From George Washington to Nathanael Greene, 27 March 1784

To Nathanael Greene

Mount Vernon 27th March 1784

My Dr Sir,

A few days ago, by the post, on wch of late there seems to be no dependance, I wrote you a few lines expressive of an earnest wish that you could make it convenient to be at the Genl Meeting of the Society of Cincinnati, before you took your departure for South Carolina. I did not then, nor can I now, assign all my reasons for it; but to me it should seem indispensable, that the Meeting in May next should not only be full, but composed of the best abilities of the representation. The temper, of the New England States in particular, respecting this Society, the encreasing jealousies of it, a letter from the Marquis, & other considerations point strongly to wise determinations at this time.1 If then private interest or convenience withhold the first characters from the Meeting, what may be the consequence?—’tis easier, & perhaps better to be conceived than told. At any rate a bare representation will bring the Society into disrepute, & unfit it perhaps to decide upon the weighty matters which may come before it. besides, these excuses may be offered by one man as well as another, & sure I am none can urge them with more propriety than myself. I would add more, but that I fear this letter will not reach you in time & I am detaining a countryman of yours who has a fair wind, & I know is setting upon thorns from his eagerness to embrace it.2 Most sincerely & Affectionately I am Yrs

G: Washington

LB, DLC:GW; ALS, advertised in October 1988 by Sotheby’s catalog no. 5759, item 204, and in Paul C. Richards’s catalog no. 235, item 198.

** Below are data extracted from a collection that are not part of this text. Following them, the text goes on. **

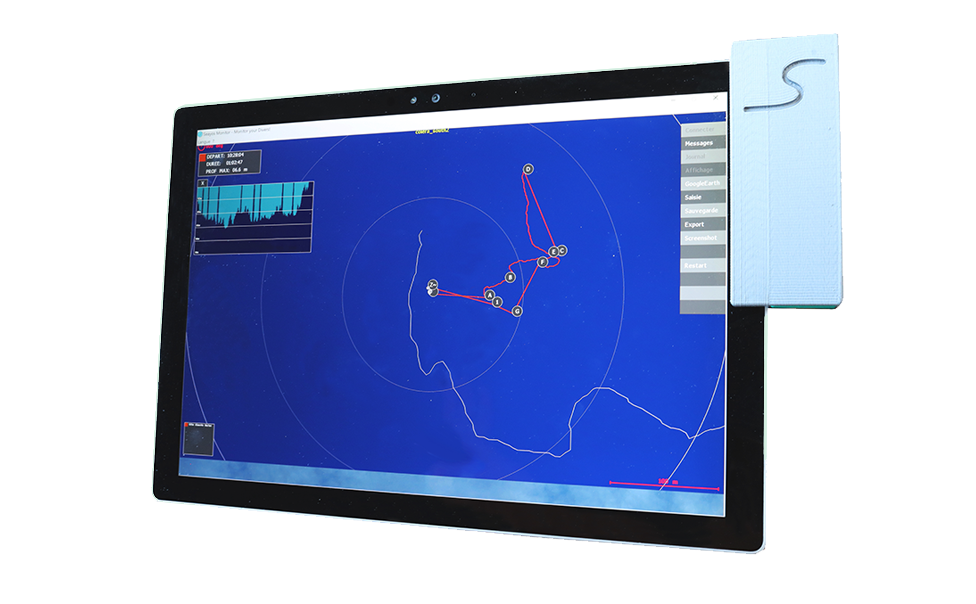 The enhanced interactive display is carried out via the SEAYOS Monitor interface (identical to that supplied with the SEAYOS Pro-M), which also offers other functionnalities such as direct data transfer during a dive to GoogleEarth, accessing the exchanged messages log, recording the current session, importing sessions already carried out, etc.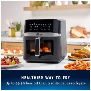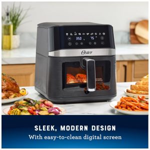 O temporizador de 60 minutos tem um alerta sonoro de prontidão para avisar quando a comida estiver pronta. O exterior moderno em preto fosco tem detalhes cromados e uma tela digital fácil de limpar. Para refeições fáceis de preparar, esta Air Fryer Oster é o único eletrodoméstico de cozinha que você usará todos os dias. Experimente agora e desfrute de refeições mais saudáveis e deliciosas.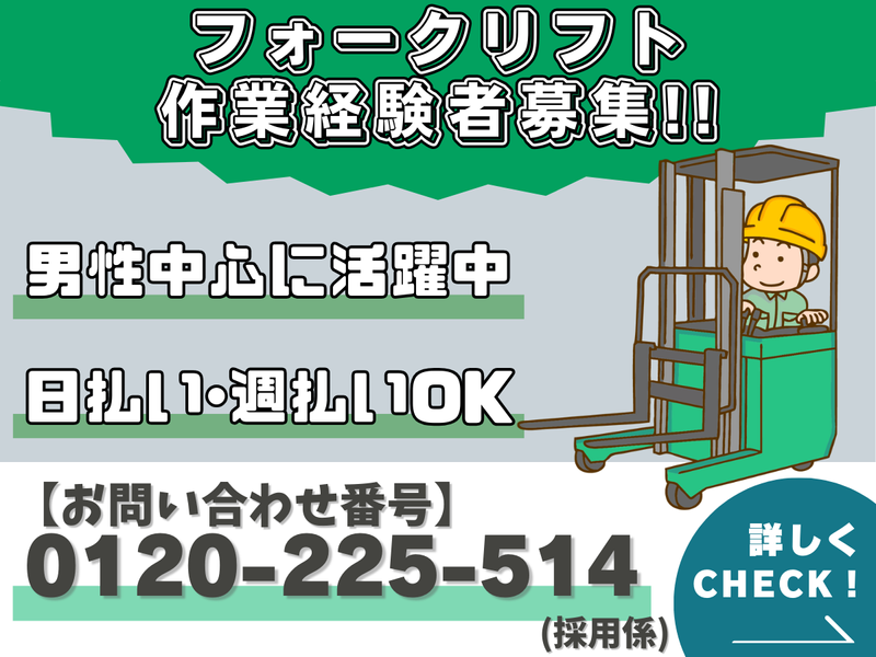 求めている人材 【必須資格】 ✅要フォークリフト免許 ―――――――――――――――――― ○経験者歓迎 ○ブランクOK ○フリーター歓迎 ○男性多数活躍中 ○幅広い年代の方活躍中! (20代・30代・40代) ―――――――――――――――――― \ こんな方におすすめ! / ◆物流倉庫や貨物ターミナル、 工事現場、廃棄物処理場、 製造工場などでの作業経験がある方 ◆コツコツ作業や モクモク作業が得意な方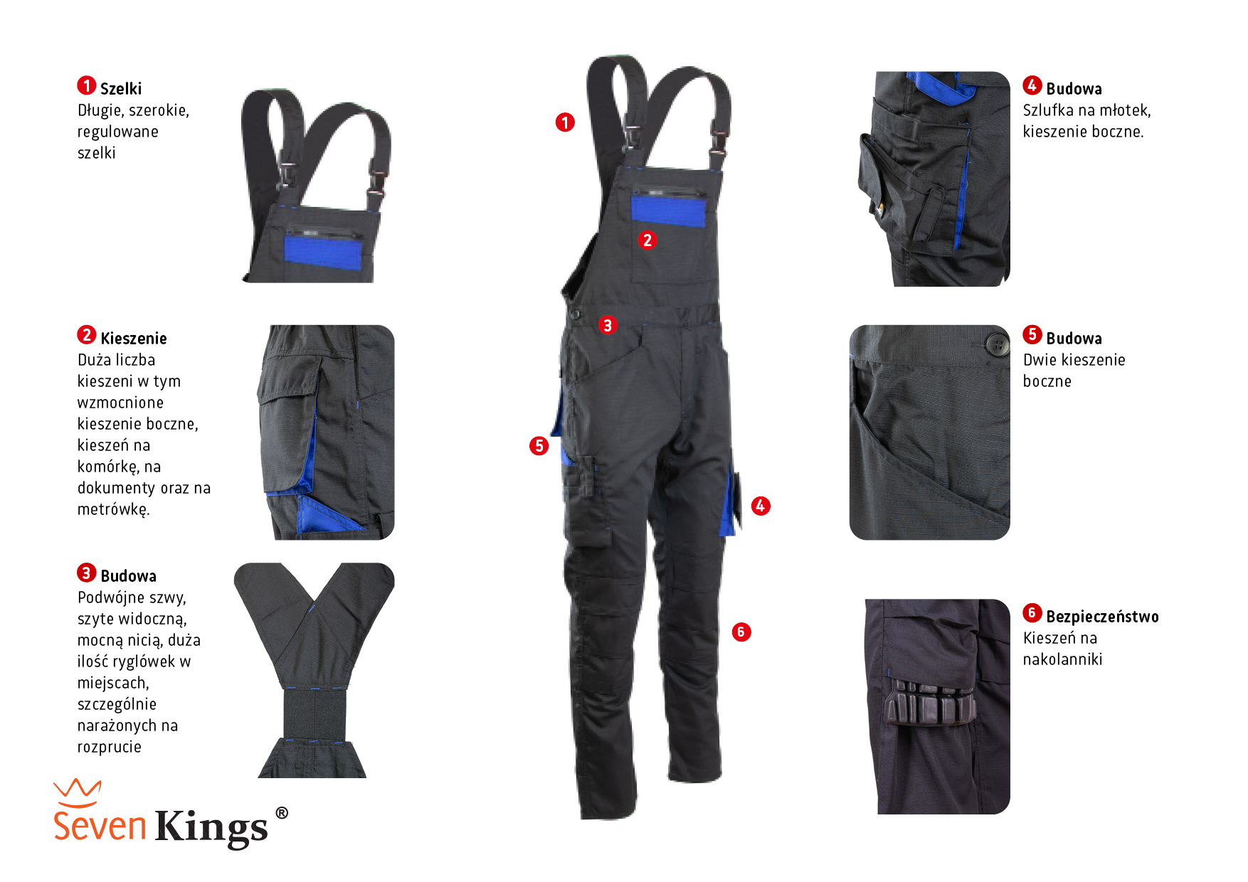 Spodnie robocze ogrodniczki Seven Kings to wygodne i praktyczne ubranie ochronne dla pracowników zajmujących się ogrodnictwem, budownictwem, czy remontami. Wykonane z trwałego i odpornego na uszkodzenia materiału, zapewniają wygodę i swobodę ruchów podczas pracy. Posiadają wiele kieszeni, co ułatwia przechowywanie narzędzi i drobnych akcesoriów.

1GW wrote Greene on 20 March. He is probably referring to Lafayette’s letter of 25 Dec. 1783.

2The Richards catalog indicates that the foregoing sentence in the ALS read: “I would add more, but that I fear this letter will not reach you in time, and because I am detaining a Countryman of yours (who is to be the bearer of it) with a fair wind, who is in as bad a situation as a man or Jester looks would, be, from his eagerness to embrace it.”